┌─ Input data

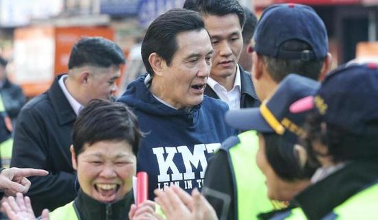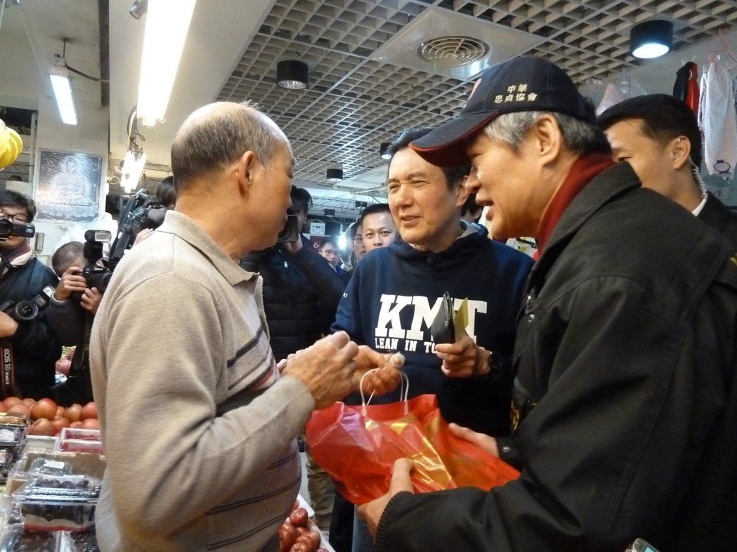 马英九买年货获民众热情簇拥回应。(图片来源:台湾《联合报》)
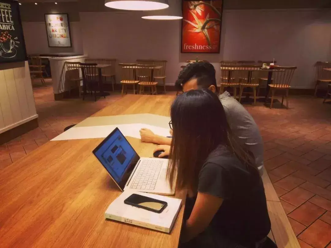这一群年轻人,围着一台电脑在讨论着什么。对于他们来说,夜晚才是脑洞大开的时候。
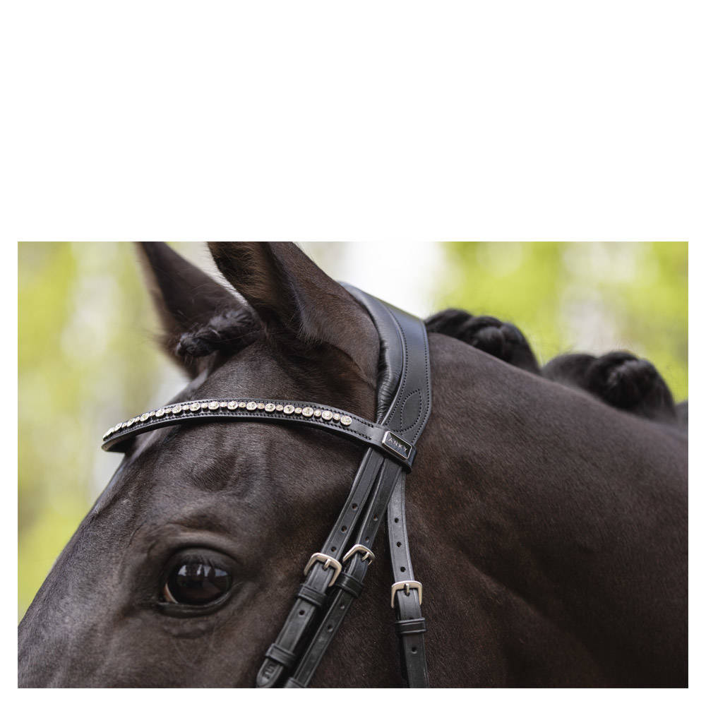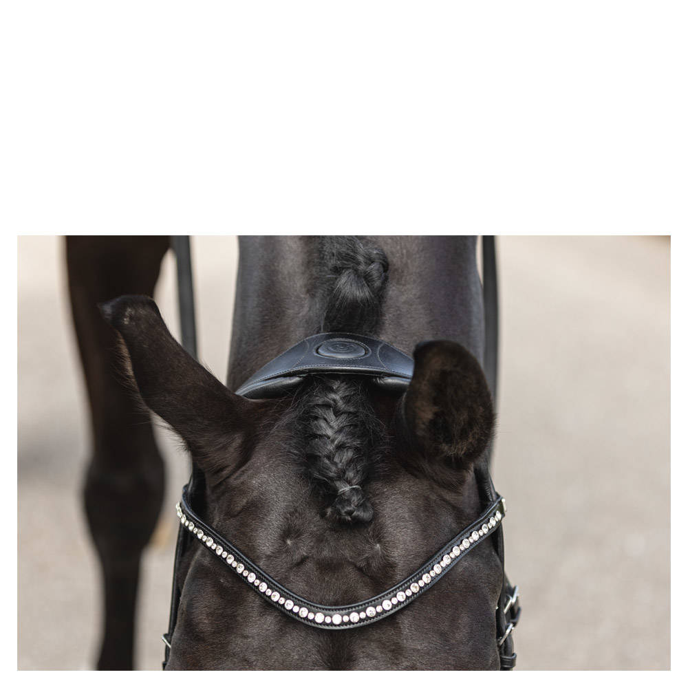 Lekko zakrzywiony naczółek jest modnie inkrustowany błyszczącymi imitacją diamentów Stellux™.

└─

Transcribe the whole listing, character for character, but not its images.

 马英九买年货获民众热情簇拥回应。(图片来源:台湾《联合报》)
这一群年轻人,围着一台电脑在讨论着什么。对于他们来说,夜晚才是脑洞大开的时候。
 Lekko zakrzywiony naczółek jest modnie inkrustowany błyszczącymi imitacją diamentów Stellux™.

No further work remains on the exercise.